§ SOURCE MATERIAL:
· · ·

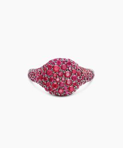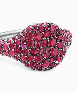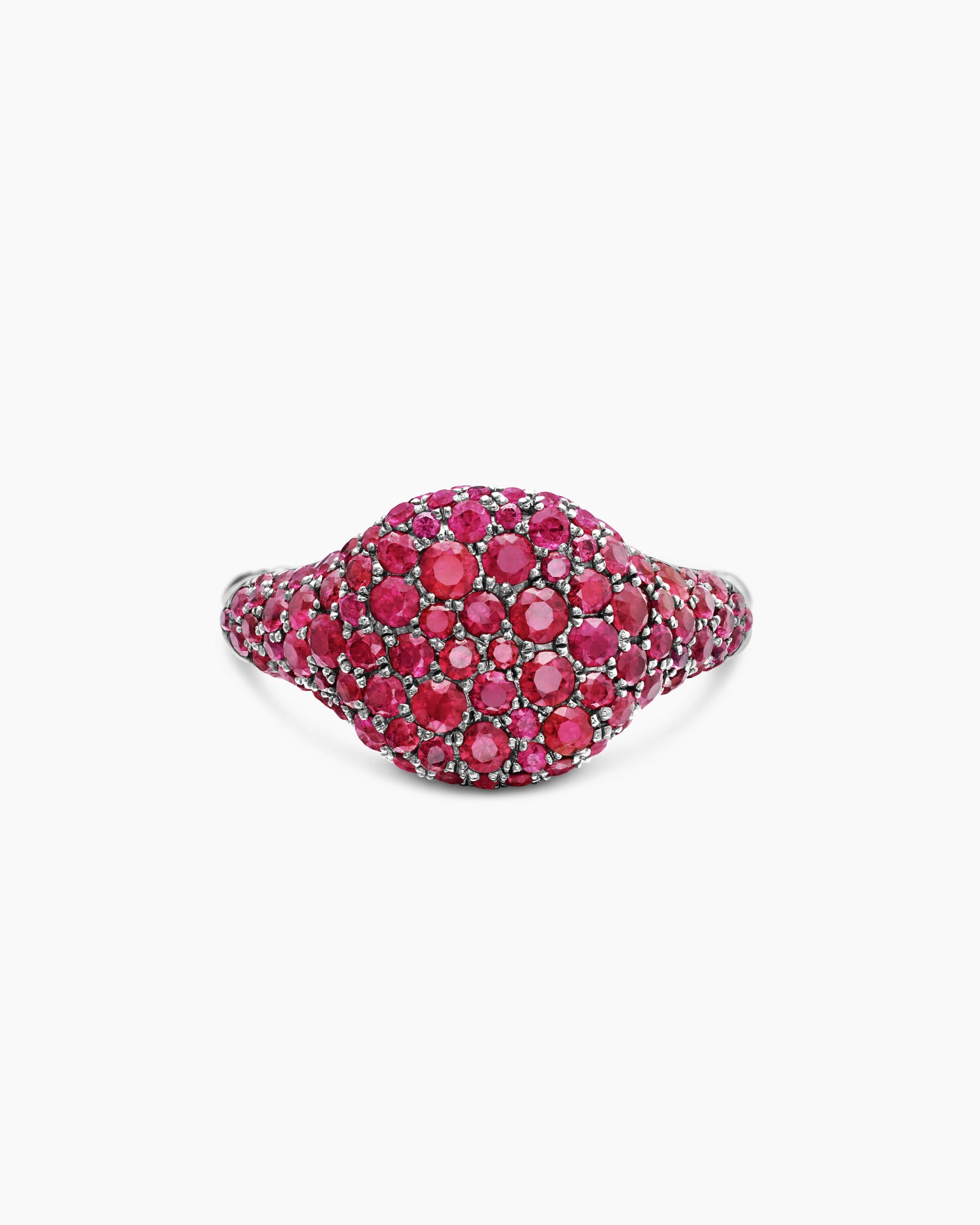 Inspired by the traditional signet ring, the Pinky Ring Collection brings a modern spirit to a classic form with elegant contours. 18-karat white goldPavé red rubies, 0.88 total carat weightRing, 10mm
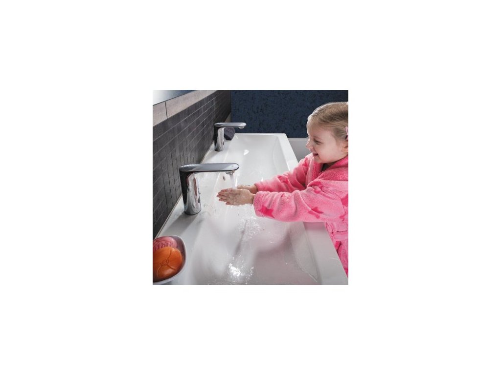 - reaguje na prítomnosť rúk v snímanej zóne okamžitým spustením vody
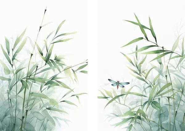 Poster Rośliny bambusowe, imitacja akwareli Nr d01062
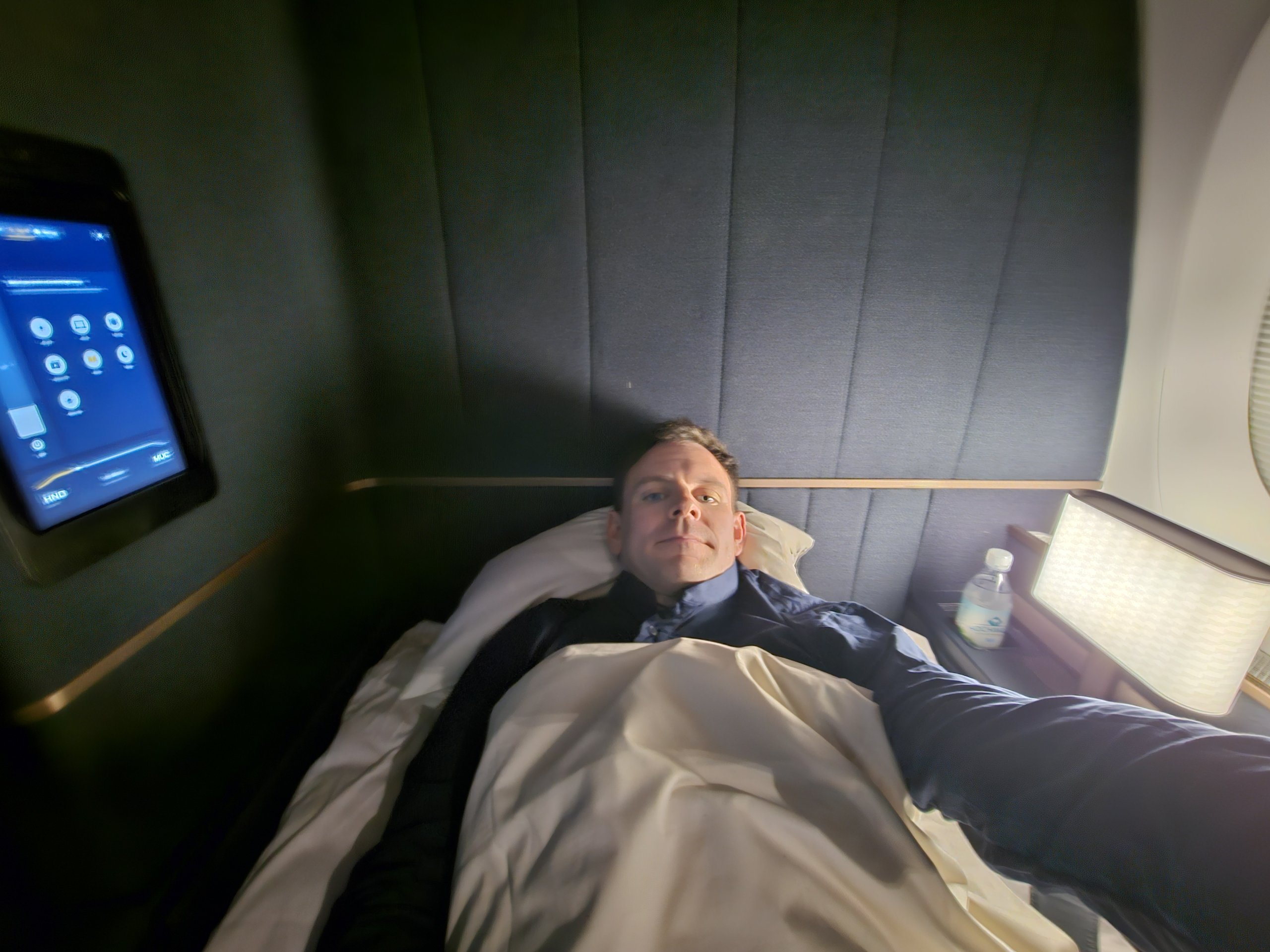 Deshalb gehe ich kurz nach dem Mittagessen auf die Toilette, um meinen Schlafanzug anzuziehen. In der Zwischenzeit bereitet ein hilfsbereiter Steward mein Bett vor (man kann den Sitz selbst per Knopfdruck ausklappen, aber die Laken und die Decke sind in Fächern untergebracht, zu denen nur die Crew Zugang hat).
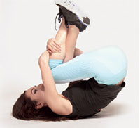Перекати. Сівши на підлогу, потрібно буде схрестити ноги, підняти коліна біля грудей і опустити голову. У цій позиції плавно перекочуватися спочатку назад на лопатки, а потім назад. Повторити 6 разів.
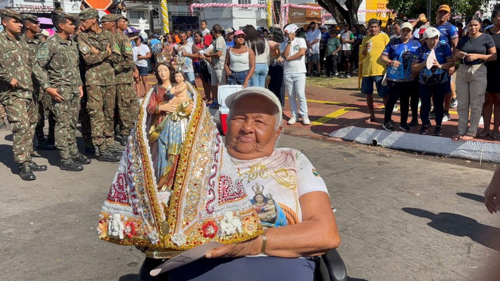 A aposentada Maria de Nazaré Pascoal, de 94 anos, xará de Nossa Senhora, é uma devota fervorosa da Nazinha. Ela veio de Natal, no Rio Grande do Norte, para participar do Círio em Macapá. Acompanhada dos filhos, netos e bisnetos, enfrentou o sol e o calor para demonstrar sua fé e sua devoção.
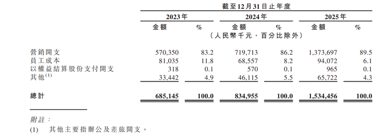 对于2025年超80%的销售及分销开支增幅,该公司解释称,主要原因是把握增长机遇,持续投资渠道扩张及品牌建设,营销开支由2024年的7.197亿元增至2025年的13.737亿元,在2025年公司总收入中的占比约55%。
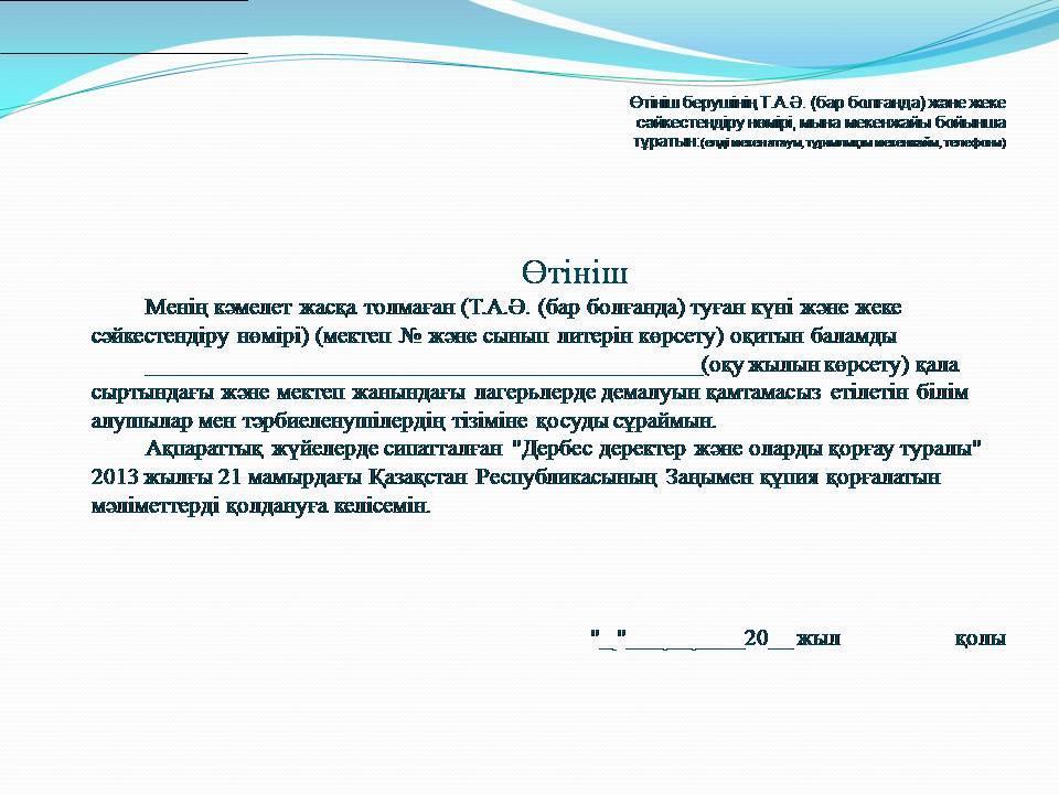 13 июль 2022 100 1 2 3 4 5 Қала сыртындағы және мектеп жанындағы лагерьлерде демалу үшін құжаттар қабылдау және жолдама беру
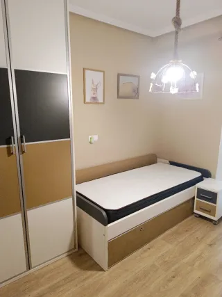 Se vende dormitorio juvenil en buen estado. Incluye armario, cama nido con somier arriba y abajo( el de abajo lleva patas plegables y se puede elevar y mesita de noche con ruedas. - Armario de puertas con diseño moderno. - Cama con somier arriba y abajo - Mesita de noche con dos cajones y ruedas. El armario se puede vender con o sin cajonera
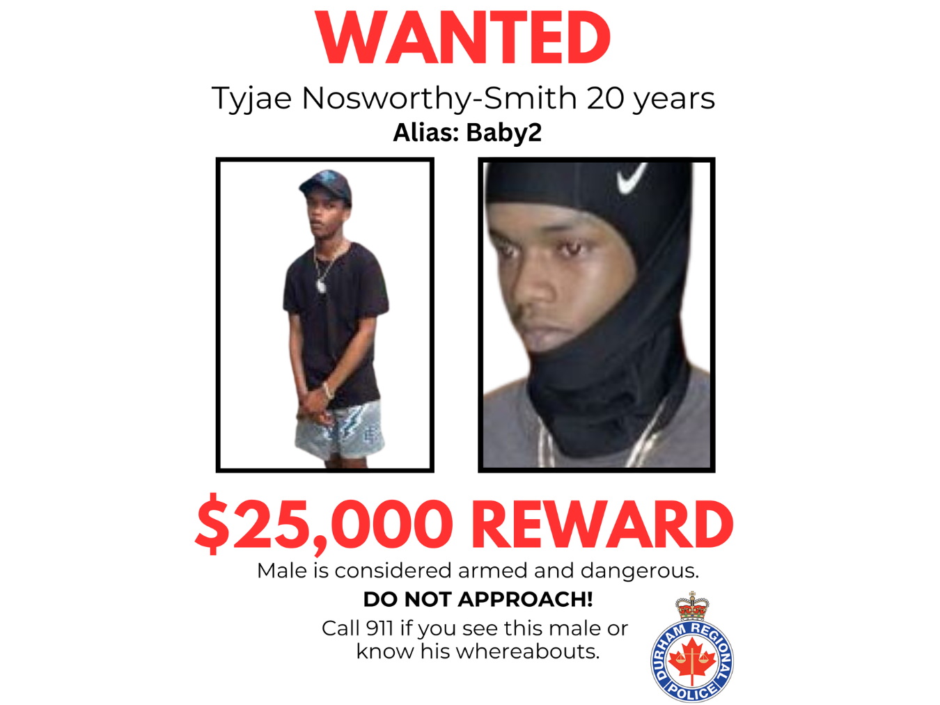 If you know his whereabouts or have had any contact with Tyjae since the murder please call our homicide unit at 905-579-1520 x 5415 or if you would like to remain anonymous, please call crime stoppers at 1-800-222-8477 (TIPS) online at www.durhamregionalcrimestoppers.ca and tipsters may be eligible for a $25,000 cash reward.
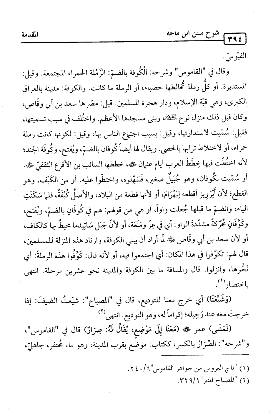 وقال في "القاموس" وشرحه: الْكُوفة بالضمّ: الرَّمْلة الحمراء المجتمعة. وقيل: المستديرة. أو كلُّ رملة تُخالطها حصباء، أو الرملة ما كانت. والكوفة: مدينة بالعراق الكبرى، وهي قبّة الإسلام، ودار هجرة المسلمين. قيل: مصّرها سعد بن أبي وقّاص، وكان قبل ذلك منزل نوح عليه السلام، وبنى مسجدها الأعظم. واختُلف في سبب تسميتها، فقيل: سُمّيت لاستدارتها، وقيل: بسبب اجتماع الناس بها، وقيل: لكونها كانت رملة حمراء، أو لاختلاط ترابها بالحصى. ويقال لها أيضًا كُوفان بالضمّ، ويُفتح، وكُوفَة الجند؛ لأنه اختُطّت فيها خِطَطُ العرب أيام عثمان -رضي الله عنه-، خططها السائب بن الأقرع الثقفيّ -رضي الله عنه-. أو سُمّيت بكُوفان، وهو جُبَيلٌ صغير، فَسَهّلوه، واختطّوا عليه. أو من الكَيْف، وهو القطع؛ لأن أَبْرَوِيز أقطعه لِبَهْرَامَ، أو لأنها قطعة من البلاد، والأصلُ كُيفَةٌ، فلما سَكَنَتِ الياء، وانضمّ ما قبلها جُعلت واوًا، أو هي من قولهم: هم في كُوفَانٍ بالضمّ، ويُفتح، وكَوَّفَانٍ مُحرّكةً ممشدّدةَ الواو: أي في عِزّ ومَنَعَة، أو لأن جَبَل سَاتِيدما محيطٌ بها كالكاف، أو لأن سعد بن أبي وقّاص -رضي الله عنه- لمّا أراد أن يبني الكوفة، وارتاد هذه المنزلة للمسلمين، قال لهم: تكوّفوا في هذا المكان: "أي اجتمعوا فيه، أو لأنه قال: كَوِّفُوا هذه الرملةَ: أي نَحُّوها، وانزلوا. قال والمسافة ما بين الكوفة والمدينة نحو عشرين مرحلة. انتهى باختصار (¬1).

· · ·

§ TASK PROMPT: Above this task is a listing with pictures in it. Retype only the lines from the one containing "Deshalb gehe ich" through the one containing "If you know", both included, and not the pictures.

§ ANSWER TO THE EXERCISE:
 Deshalb gehe ich kurz nach dem Mittagessen auf die Toilette, um meinen Schlafanzug anzuziehen. In der Zwischenzeit bereitet ein hilfsbereiter Steward mein Bett vor (man kann den Sitz selbst per Knopfdruck ausklappen, aber die Laken und die Decke sind in Fächern untergebracht, zu denen nur die Crew Zugang hat).
Перекати. Сівши на підлогу, потрібно буде схрестити ноги, підняти коліна біля грудей і опустити голову. У цій позиції плавно перекочуватися спочатку назад на лопатки, а потім назад. Повторити 6 разів.
 A aposentada Maria de Nazaré Pascoal, de 94 anos, xará de Nossa Senhora, é uma devota fervorosa da Nazinha. Ela veio de Natal, no Rio Grande do Norte, para participar do Círio em Macapá. Acompanhada dos filhos, netos e bisnetos, enfrentou o sol e o calor para demonstrar sua fé e sua devoção.
 对于2025年超80%的销售及分销开支增幅,该公司解释称,主要原因是把握增长机遇,持续投资渠道扩张及品牌建设,营销开支由2024年的7.197亿元增至2025年的13.737亿元,在2025年公司总收入中的占比约55%。
 13 июль 2022 100 1 2 3 4 5 Қала сыртындағы және мектеп жанындағы лагерьлерде демалу үшін құжаттар қабылдау және жолдама беру
 Se vende dormitorio juvenil en buen estado. Incluye armario, cama nido con somier arriba y abajo( el de abajo lleva patas plegables y se puede elevar y mesita de noche con ruedas. - Armario de puertas con diseño moderno. - Cama con somier arriba y abajo - Mesita de noche con dos cajones y ruedas. El armario se puede vender con o sin cajonera
 If you know his whereabouts or have had any contact with Tyjae since the murder please call our homicide unit at 905-579-1520 x 5415 or if you would like to remain anonymous, please call crime stoppers at 1-800-222-8477 (TIPS) online at www.durhamregionalcrimestoppers.ca and tipsters may be eligible for a $25,000 cash reward.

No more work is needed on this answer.